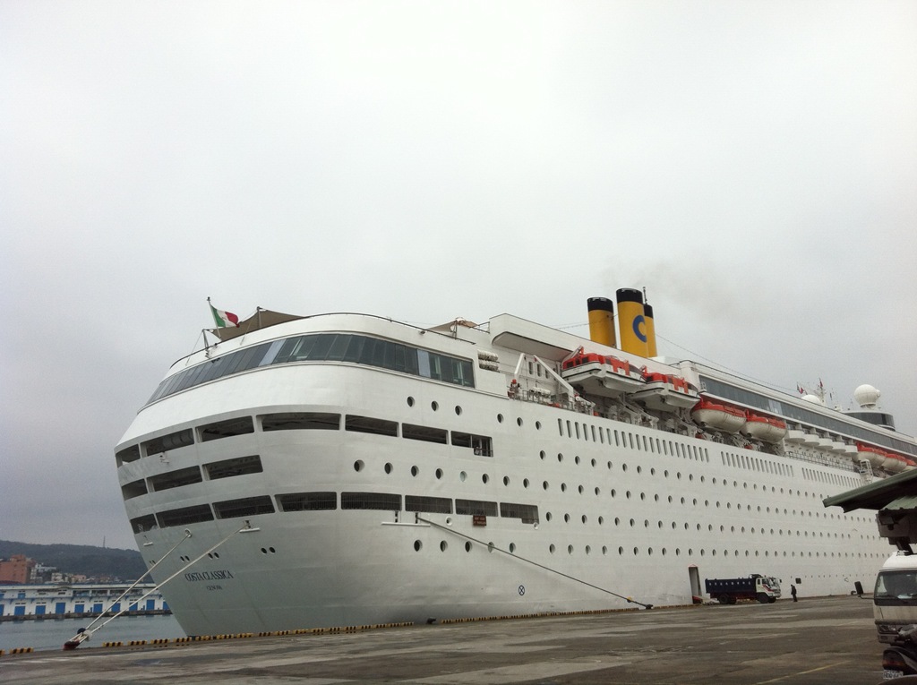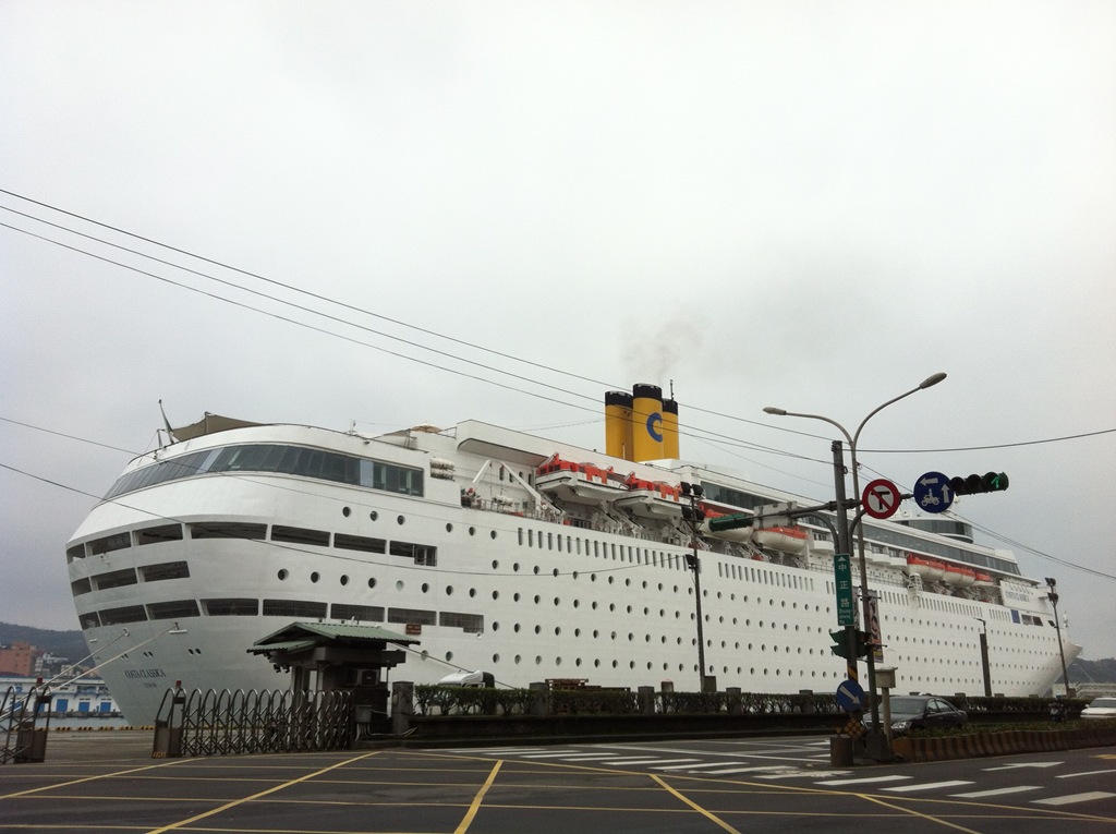 繼續往基隆港騎,今天來了艘大船,騎過去瞧瞧。
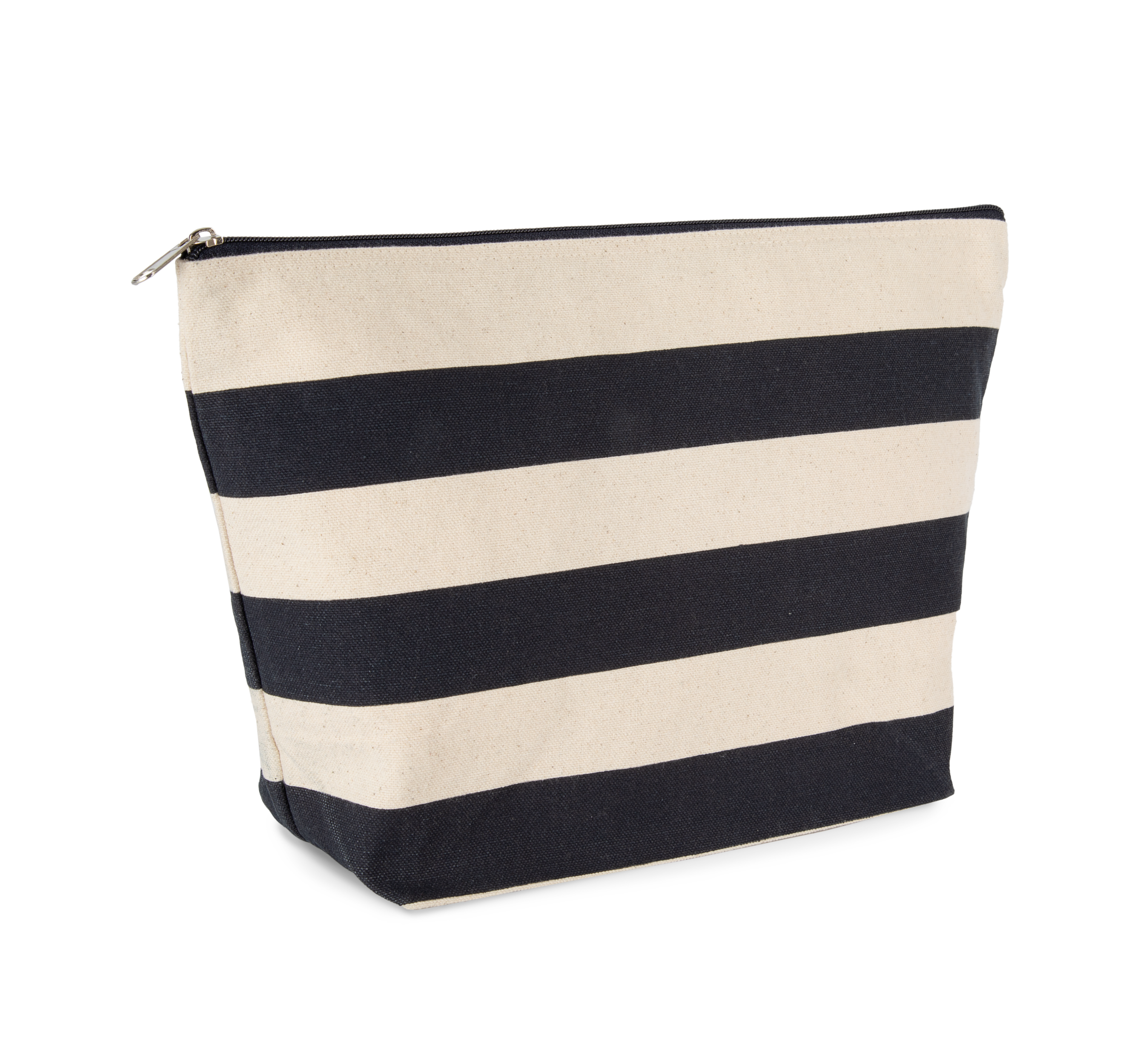 100% coton. Pochette extra large au look marinière, avec fond large et fermeture zippée. Coton canvas. Les bandes imprimées en couleur mesurent 3,75 cm de hauteur pour permettre une personnalisation facile, soit sur la bande colorée, soit sur la partie en coton naturel.Grand format avec fond large.Bandes imprimées prévues pour faciliter la personnalisation.Design marinière tendance.310 g/m²
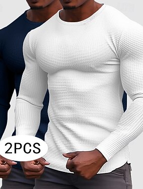 Homme Chemise gaufrée T-shirt Chemise à Manches Longues manche longue Col ras du cou Printemps & Automne Toutes saisons Uni Mode Designer Basique 2 pièces Pack multiple Tricoté Vacances Rue
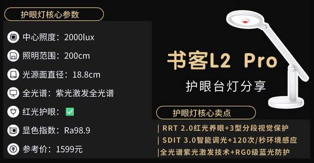 市面上大多数全光谱台灯仍以蓝光激发为主,长时间使用容易引发眼疲劳和视力下降。而书客凭借全新一代紫光激发技术,从根源抑制有害蓝光,同时补充有益天青光、绿光及红光波段,让光线更安全、更柔和。L2 Pro实现了接近“0”蓝光护眼,有效缓解92%用眼疲劳,被专业媒体称为“护眼台灯旗舰体验”,让孩子长时间学习也更安心。
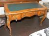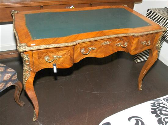 A LOUIS XV STYLE KINGWOOD AND AMBOYNA GILT METAL MOUNTED BUREAU PLAT The shaped top with a leather inset writing plane above central frieze drawers with two side drawers, raised on cabriole legs, the whole with gilt metal mounts, 130 x 79 x 72.5cm.
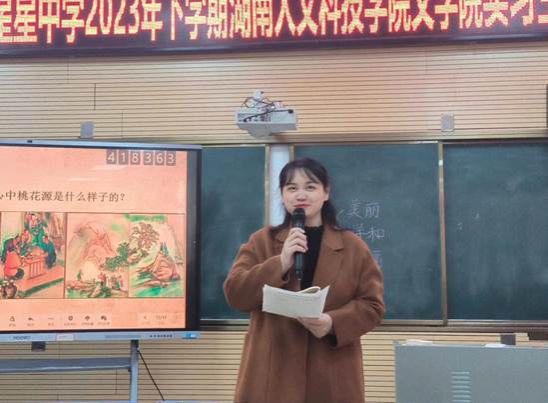 为深入检验实习成果,12月16日下午2点30分,ballbet贝博bb艾弗森文学院实习生教学比赛在娄底市第一中学附属星星中学阶梯教室举行。ballbet贝博bb艾弗森文学院黄立平教授、星星中学校长彭卫国、教学副校长禹媚娥、教务处主任彭世忠、教研室主任周洁担任比赛评委。
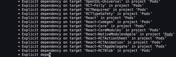 React Native App을 실행시킨 후 "i" 키 입력을 통해 ios 시뮬레이터를 실행 시켯을 때 아래 이미지와 같이 터미널에 "explicit dependency...." 라고 나오며 멈추는 오류가 발생하였다.
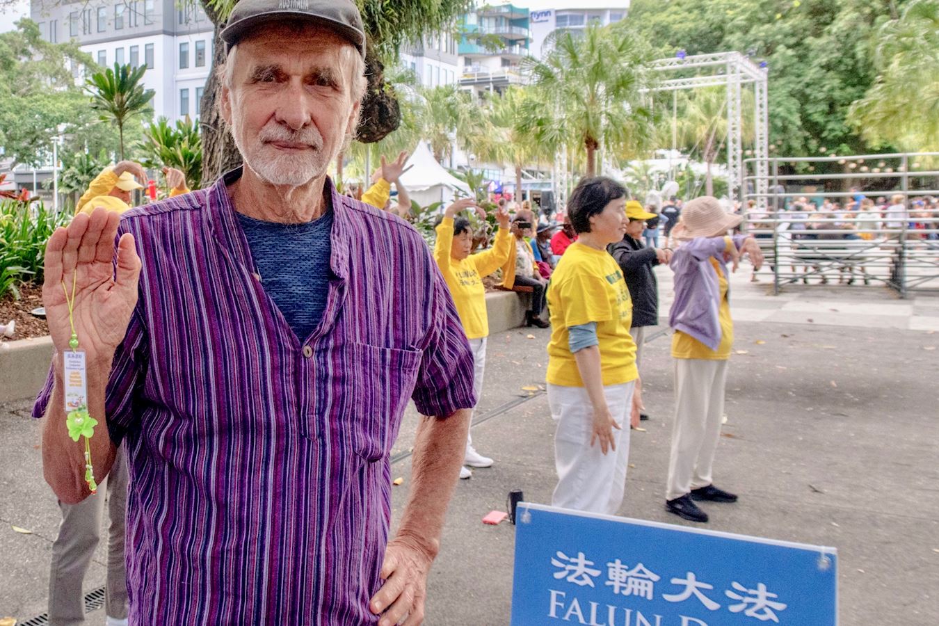 来自维多利亚的马修(Matthew M)注意到了在凯恩斯滨海大道上的法轮功活动现场,他前来了解法轮功真相,他说:“当我走过来时,我能感受到法轮功学员身上散发出的纯正能量,就情不自禁地也融入到这美妙的能量场里了。”
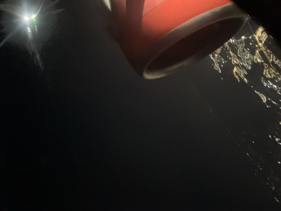 From a high vantage point, a city sprawls into the night, its lights scattered like gems on a dark cloth. A red and white object, possibly a mug or container, dominates the upper portion of the frame, its rounded edge creating a visual foreground. A distant tower emits a strong light, contrasting with the pervasive darkness. The scene evokes a sense of distance and perspective, contrasting the human element (the object) with the vastness of the urban landscape.
===============
» **PROBLEM TO SOLVE**: Repeat the data above exactly, leaving out any pictures it holds.

» **RESULT BELOW**:
 繼續往基隆港騎,今天來了艘大船,騎過去瞧瞧。
 100% coton. Pochette extra large au look marinière, avec fond large et fermeture zippée. Coton canvas. Les bandes imprimées en couleur mesurent 3,75 cm de hauteur pour permettre une personnalisation facile, soit sur la bande colorée, soit sur la partie en coton naturel.Grand format avec fond large.Bandes imprimées prévues pour faciliter la personnalisation.Design marinière tendance.310 g/m²
 Homme Chemise gaufrée T-shirt Chemise à Manches Longues manche longue Col ras du cou Printemps & Automne Toutes saisons Uni Mode Designer Basique 2 pièces Pack multiple Tricoté Vacances Rue
 市面上大多数全光谱台灯仍以蓝光激发为主,长时间使用容易引发眼疲劳和视力下降。而书客凭借全新一代紫光激发技术,从根源抑制有害蓝光,同时补充有益天青光、绿光及红光波段,让光线更安全、更柔和。L2 Pro实现了接近“0”蓝光护眼,有效缓解92%用眼疲劳,被专业媒体称为“护眼台灯旗舰体验”,让孩子长时间学习也更安心。
 A LOUIS XV STYLE KINGWOOD AND AMBOYNA GILT METAL MOUNTED BUREAU PLAT The shaped top with a leather inset writing plane above central frieze drawers with two side drawers, raised on cabriole legs, the whole with gilt metal mounts, 130 x 79 x 72.5cm.
 为深入检验实习成果,12月16日下午2点30分,ballbet贝博bb艾弗森文学院实习生教学比赛在娄底市第一中学附属星星中学阶梯教室举行。ballbet贝博bb艾弗森文学院黄立平教授、星星中学校长彭卫国、教学副校长禹媚娥、教务处主任彭世忠、教研室主任周洁担任比赛评委。
 React Native App을 실행시킨 후 "i" 키 입력을 통해 ios 시뮬레이터를 실행 시켯을 때 아래 이미지와 같이 터미널에 "explicit dependency...." 라고 나오며 멈추는 오류가 발생하였다.
 来自维多利亚的马修(Matthew M)注意到了在凯恩斯滨海大道上的法轮功活动现场,他前来了解法轮功真相,他说:“当我走过来时,我能感受到法轮功学员身上散发出的纯正能量,就情不自禁地也融入到这美妙的能量场里了。”
 From a high vantage point, a city sprawls into the night, its lights scattered like gems on a dark cloth. A red and white object, possibly a mug or container, dominates the upper portion of the frame, its rounded edge creating a visual foreground. A distant tower emits a strong light, contrasting with the pervasive darkness. The scene evokes a sense of distance and perspective, contrasting the human element (the object) with the vastness of the urban landscape.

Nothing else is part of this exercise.